Unlike Mike’s students, mine currently get to choose whether they want to attend each day in the classroom or on the Zoom feed. The West Point students don’t get to choose because they are training to be Army officers and following orders is an important component of serving in the military. West Point students do get to pick their major, but they’re usually randomly assigned dorms, roommates, classes, class times, and instructors. During the Fall 2021 semester, West Point students who were selected to take principles of economics were randomly assigned to either a Zoom version of the class or a physical classroom.
There were a lot of other things the researchers controlled for in their experiment. Each instructor taught a portion of their classes in person and on Zoom which meant the researchers could control for the instructor’s impact on grades. Each timeslot during the day contained both in-person and Zoom options so the researchers could control for the difference between morning and afternoon classes. The research team also had a lot of demographic information about the cadets so that they could control for some level of prior ability. All of the students used the same online homework system and took the same exams so there was no difference in the difficulty of the assignments.
So, what did they find? Being randomly assigned to a Zoom class reduced a student’s grade (on average) by about 1.5 percentage points, but the impact was largest for the C/B students and academically at-risk students. Students who received the Zoom treatment also felt less connected to their peers and their instructors, even after controlling for instructor quality.
Here’s a look at the effects of online instruction on the different types of graded assignments. Lines that are completely below the horizontal axis are statistically significant between Zoom students and in-person students.

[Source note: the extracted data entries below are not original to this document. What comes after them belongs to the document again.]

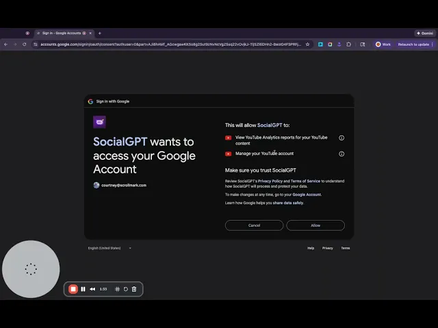 Connecting your YouTube account allows SocialGPT to analyze your performance, tailor video ideas to your niche, and power features like Post Coach and Video Analysis.
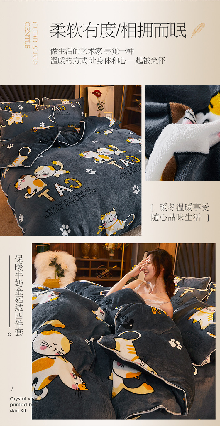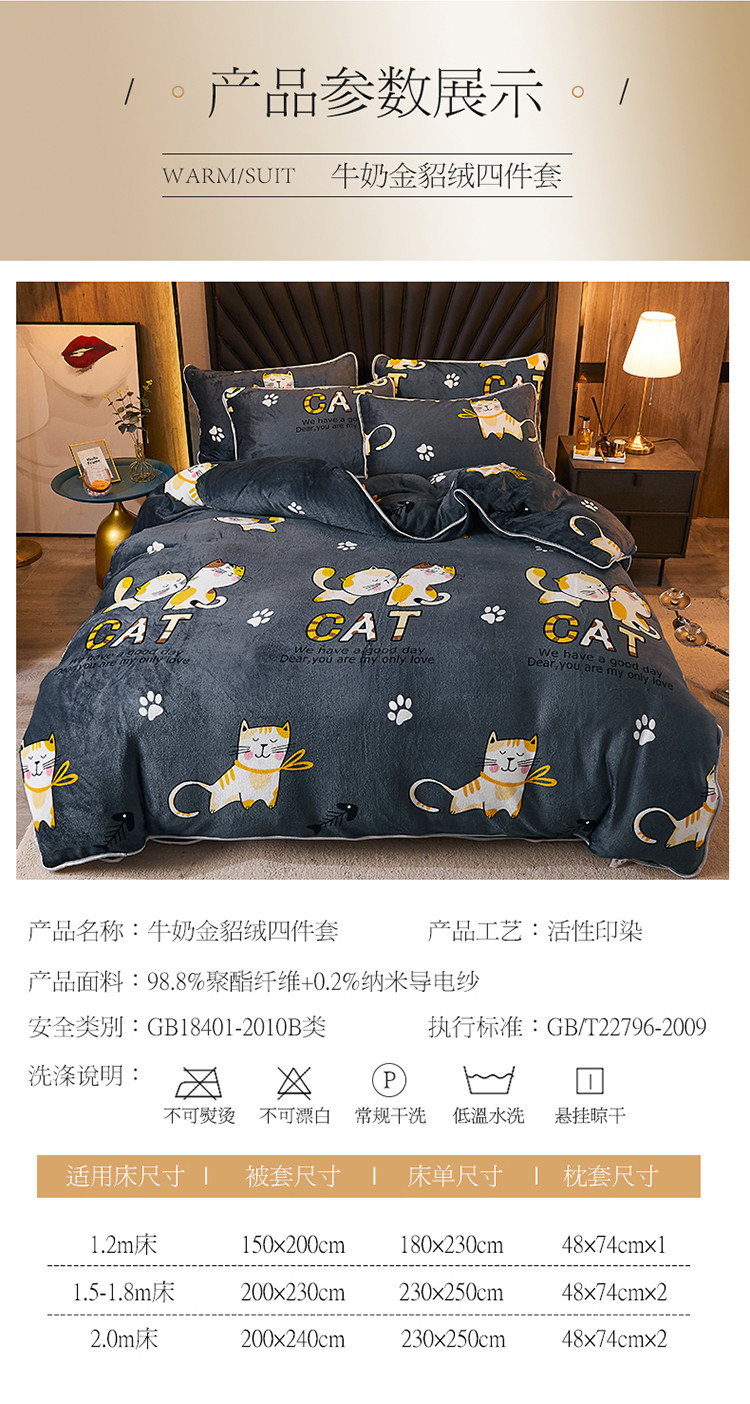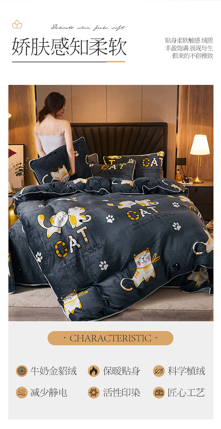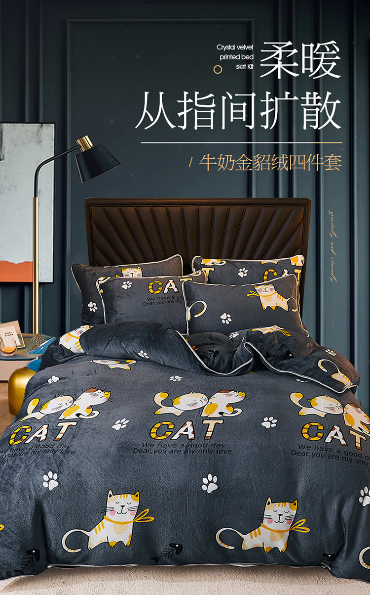 商品名称:迷仙巢 2020新款牛奶金貂绒四件套 猫咪
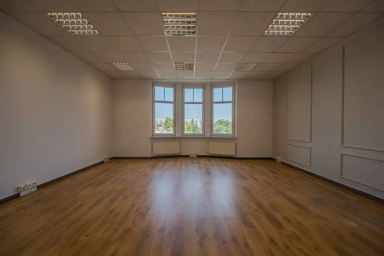 Do wynajęcia kameralne biuro/gabinet w nowoczesnym biurowcu w centralnej części Wrocławia. Powierzchnia 46,9 m2 to powierzchnia open space do własnego zagospodarowania. W części wspólnej piętra aneks kuchenny oraz toalety. Biurowiec z ochroną oraz dużym parkingiem naziemnym
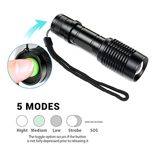 5 Lighting Mode: High/Middle/Low/strobe/SOS. Zoomable design allows you to easily switch from a narrow beam to widespread coverage
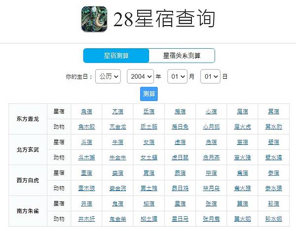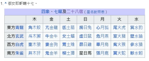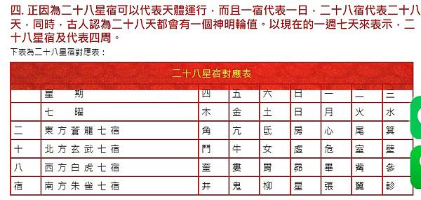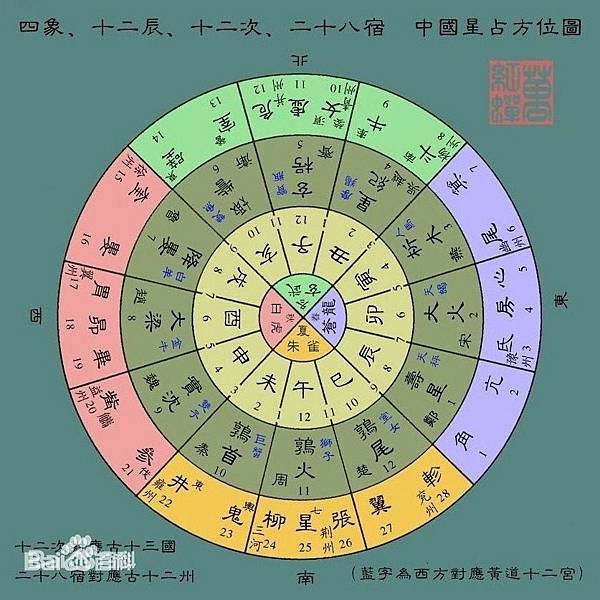 古代28星宿 比12星座更厲害-「二十八星宿」把黃道與天赤道附近的星辰,區分為二十八個星宿,又再分成四大星區,分別是東方青龍、北方玄武、西方白虎、南方朱雀,每個星區各有七個星宿,每個星宿也都有各自的吉凶與個性,可說是中國的十二星座占卜;對於喜愛占卜的民眾而言,可以依照本身的農曆生日對應天上的星宿,找出屬於自己的守護星
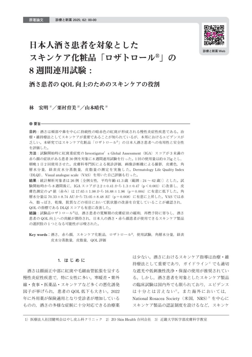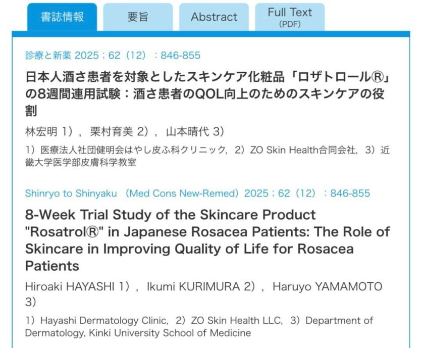 今回の論文報告は、ロザトロール®が酒さの維持期におけるスキンケアの選択肢の一つとなり得ることを示唆するものと考えられます。
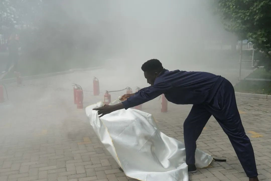 演练结束后,保卫处工作人员现场讲解、示范并指导留学生使用灭火器、灭火毯,进一步强调了学生公寓的日常消防安全注意事项。
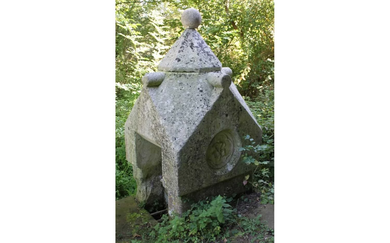 Model of a village water pump in a stone structure.
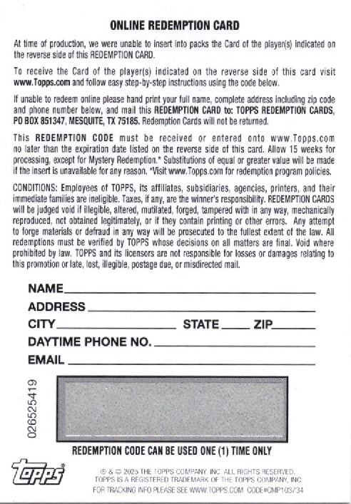 2025 Topps Now Cal Raleigh #881 Used Base Relic Orange /25 Redemption Seattle Mariners Baseball Card
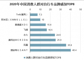 2020年中國(guó)消費(fèi)人群對(duì)自行車品牌感知TOP8
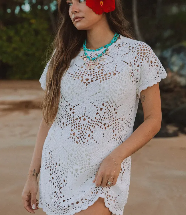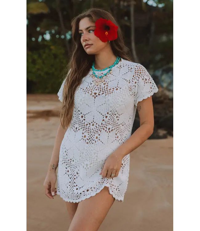 Crochet is having a moment and we are all about it! This white crochet mini dress is the perfect coverup for beach to poolside bar. Short sleeve and mini length, this is fun and flirty while providing coverage. For added length, we suggest sizing up!

The cadets were required to complete daily homework that was graded on completion, but online students couldn’t keep up with the in-person students. The impact is on standard deviations, but a 0.2 standard deviation is about 1.5 percentage points:
While the impact may not seem large, it’s important to remember what type of students enroll at West Point and the reputation of the university as a whole. The university is considered one of the top liberal arts colleges in the United States and classroom attendance is required. All of the students who are accepted have been nominated by their Congressional Representative or Senator or they have previously enlisted in the military. The Zoom impact is likely a “lower bound” of the impact of Zoom on university students, which means the impact on others may be much larger.

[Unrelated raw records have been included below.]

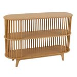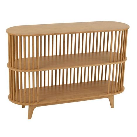 Informations Techniques : Dimensions : L. 120 x l. 37 x H. 82,5 cm Matière : 100% Bambou Spécificités : Tendance & Robuste Buffet ovale sur pied À monter soi-même Poids max supporté : 100 kg Poids : 15,5 kg Couleur : Naturel
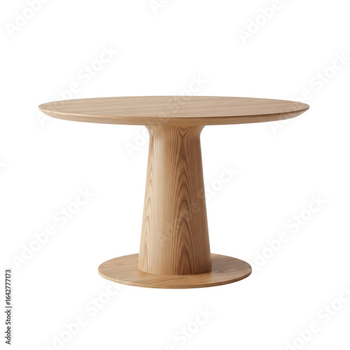 table, wood, round, dining, furniture, pedestal, modern, wooden, light, natural, design, interior, home, decor, contemporary, simple, clean, elegant, minimalist, domestic, object, studio, empty, surface, product, isolated, cut-out, nobody, render
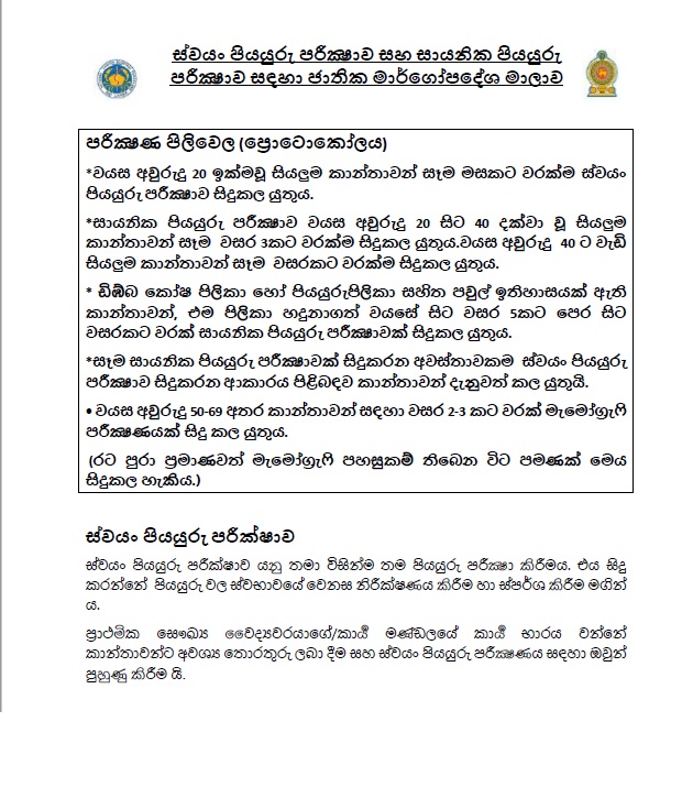ස්වයං පියයුරු පරීක්ෂාව සහ සායනික පියයුරු පරීක්ෂාව සඳහා ජාතික මාර්ගෝප්ේශ මාලාව
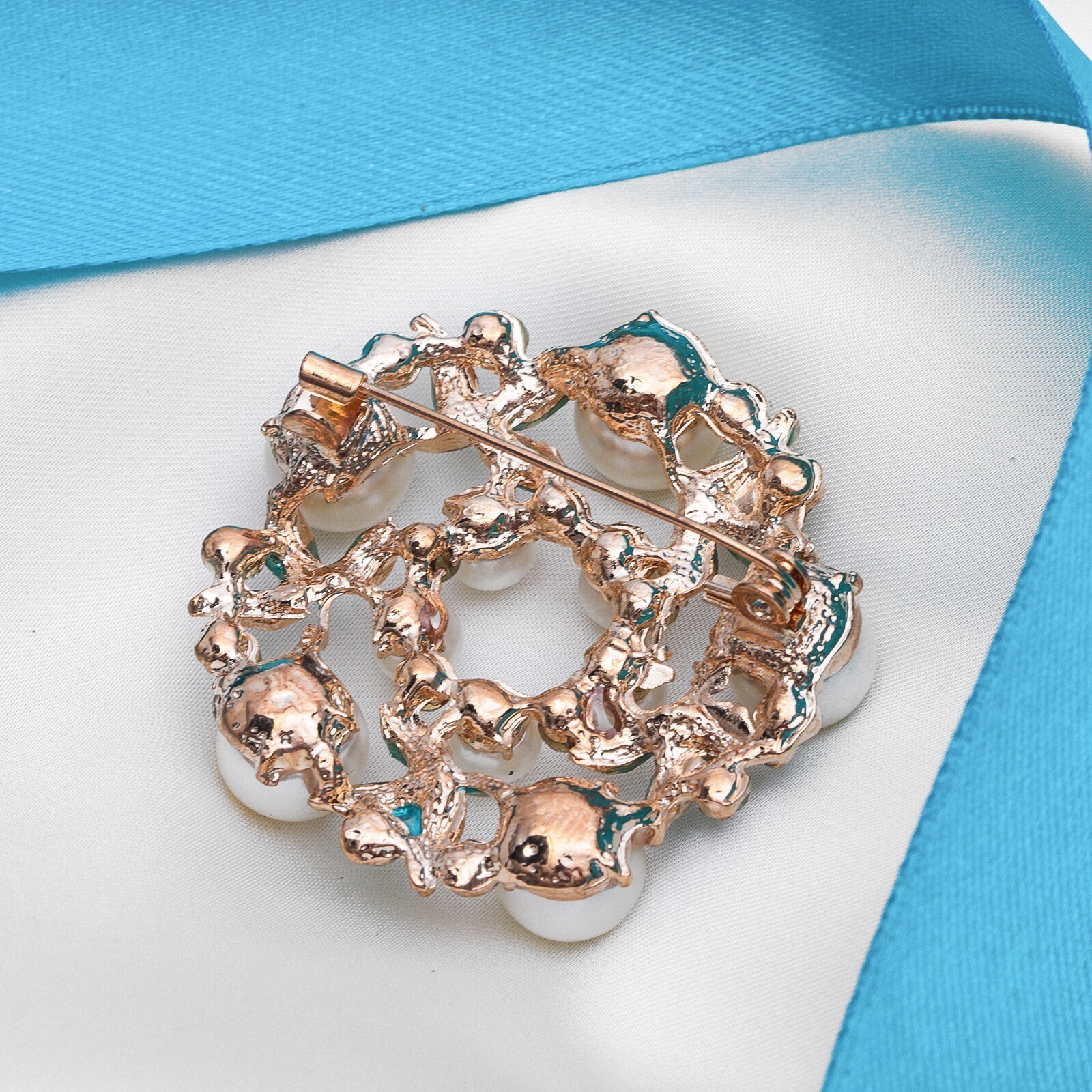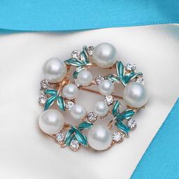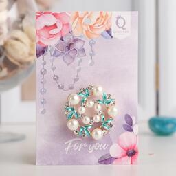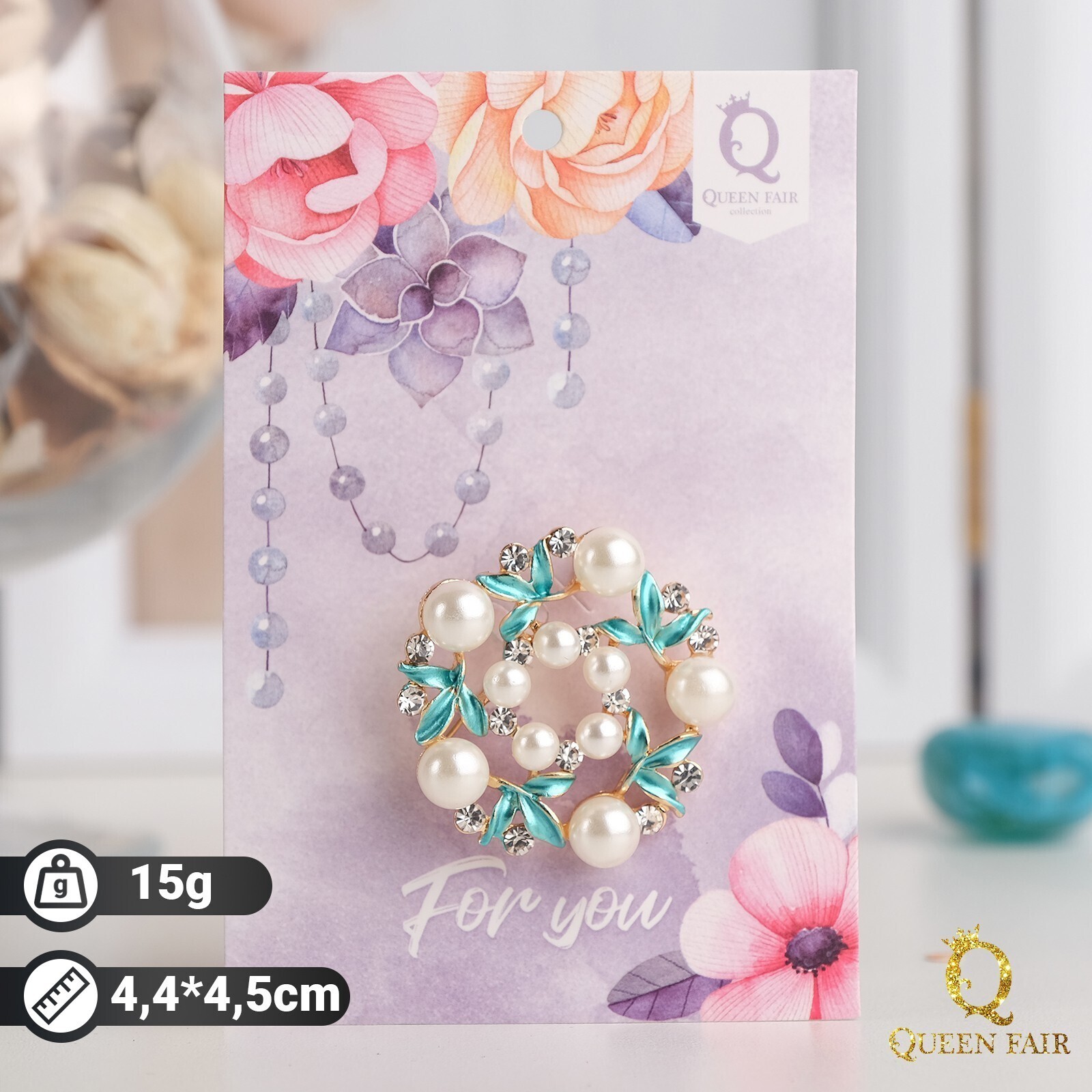 Брошь "Жемчуг с лепестками", цвет бело-голубой в золоте

Mike and his team are in the process of measuring the impact on future economics courses and are hopeful that this paper will be published in the near future. It raises an interesting policy question, not only for the future of higher education but also on the importance of well-designed online education. The pandemic introduced a lot of faculty to online teaching for the first time and many of them have received little to no training. The social cost of this pivot could be much larger than we currently realize and may take some time to fully pan out.
From February 17, 2020, to April 6, 2020, Zoom usage grew 552% [Tech Republic]
West Point enrolls approximately 4,536 undergraduate students [US News and World Report]
West Point graduates must serve a minimum of 8 years after graduation in a combination of Active Duty and Reserve Component Service [West Point]
On average, a college degree earns a person $30,000 more in salary each year than a person with a high school degree [Federal Reserve Bank of New York]
This is particularly fascinating considering the fear many academics had prior to Covid that higher ed was going to become one large MOOC. It doesn't appear that this is a concern any longer.